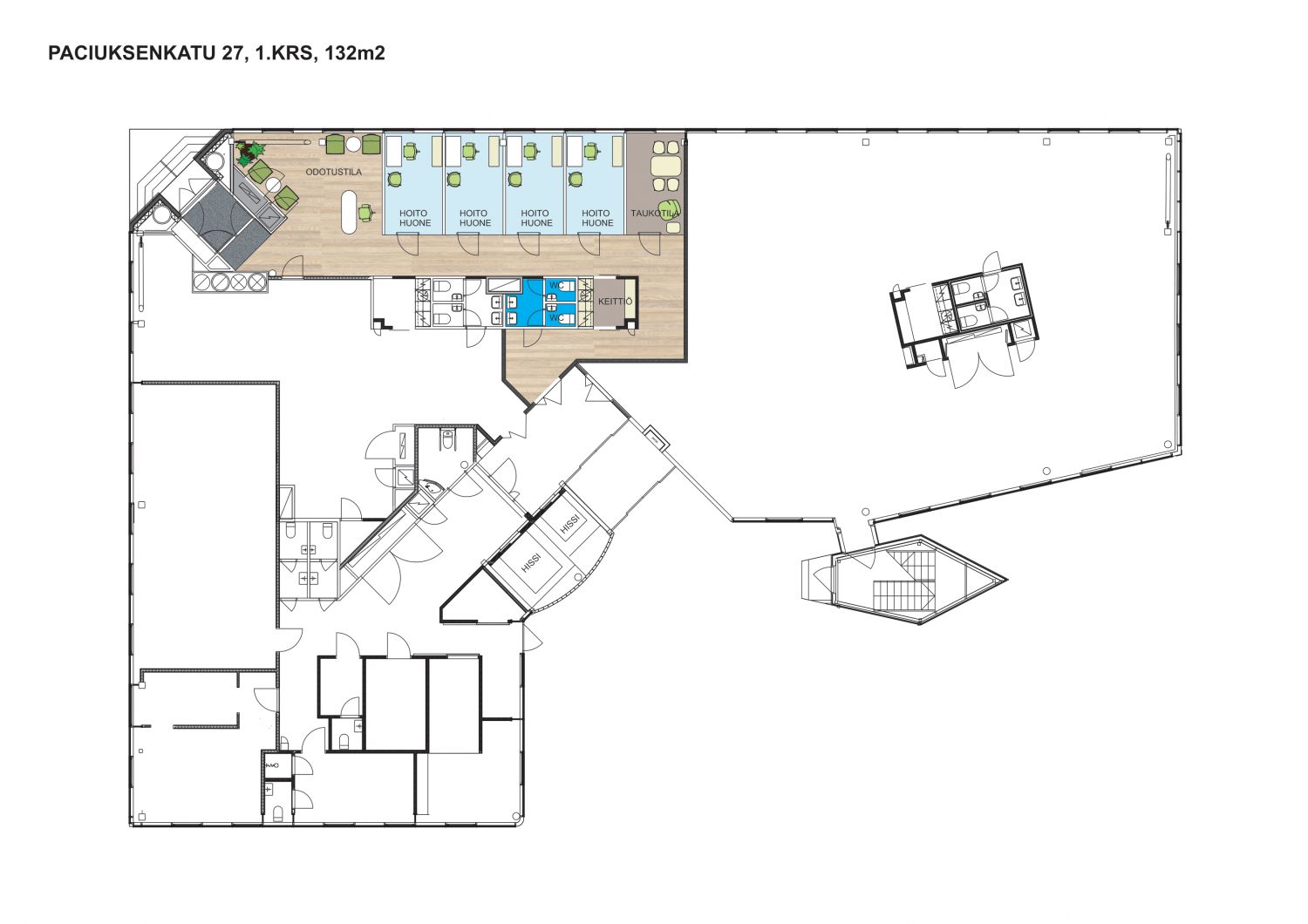 Meilahden Paciuksenkadulta on vapautumassa katutasosta 132 m² liiketilaa, joka soveltuu mainiosti esimerkiksi fysioterapiakäyttöön, hierojalle tai vaikkapa kauneushoitolaksi. Liiketila joustaa pienemmän tai isomman toimijan käyttöön, sillä kyseistä tilaa on mahdollista yhdistää myös viereisten tilojen kanssa jopa 523 m² kokonaisuudeksi. Tilat remontoidaan vuokralaisen tarpeiden mukaan.
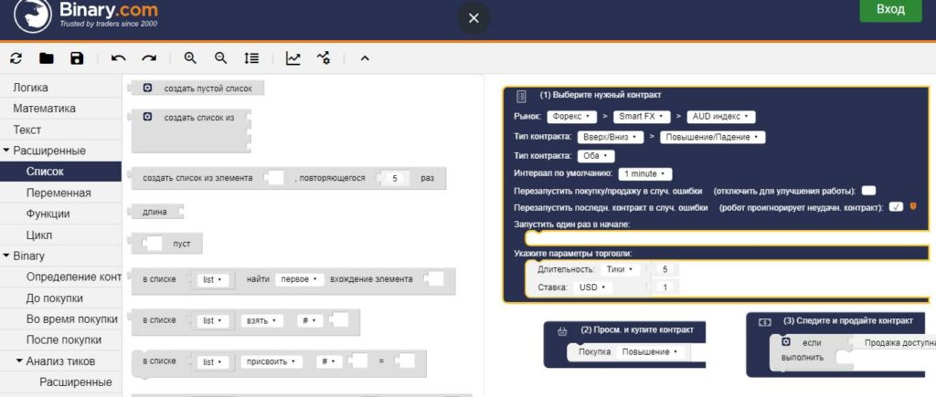 - Попробовать самому создать бесплатный робот для бинарных опционов в конструкторе. Не всем подходит и нет гарантии, что, понимая стратегию вы верно составите торговый алгоритм. Визуализация создания кода помогает, но задача для новичка все равно непосильная. Если сомневаетесь, попробуйте на сайте binary.com войти в конструктор, и создать хотя бы простенький робот для бинарных опционов;
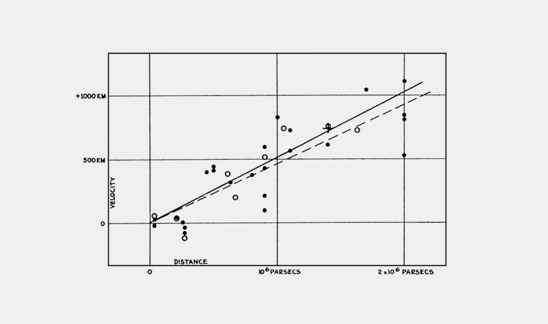 在论文中,哈勃绘制了星系的速度和距离的关系图,结果显示二者呈现出了线性的关系:距离我们越远的星系,远离我们的速度越快。

> **Your assignment**
Give the listing above again word for word, without its pictures.

> **Result for this exercise**
 Meilahden Paciuksenkadulta on vapautumassa katutasosta 132 m² liiketilaa, joka soveltuu mainiosti esimerkiksi fysioterapiakäyttöön, hierojalle tai vaikkapa kauneushoitolaksi. Liiketila joustaa pienemmän tai isomman toimijan käyttöön, sillä kyseistä tilaa on mahdollista yhdistää myös viereisten tilojen kanssa jopa 523 m² kokonaisuudeksi. Tilat remontoidaan vuokralaisen tarpeiden mukaan.
 - Попробовать самому создать бесплатный робот для бинарных опционов в конструкторе. Не всем подходит и нет гарантии, что, понимая стратегию вы верно составите торговый алгоритм. Визуализация создания кода помогает, но задача для новичка все равно непосильная. Если сомневаетесь, попробуйте на сайте binary.com войти в конструктор, и создать хотя бы простенький робот для бинарных опционов;
 在论文中,哈勃绘制了星系的速度和距离的关系图,结果显示二者呈现出了线性的关系:距离我们越远的星系,远离我们的速度越快。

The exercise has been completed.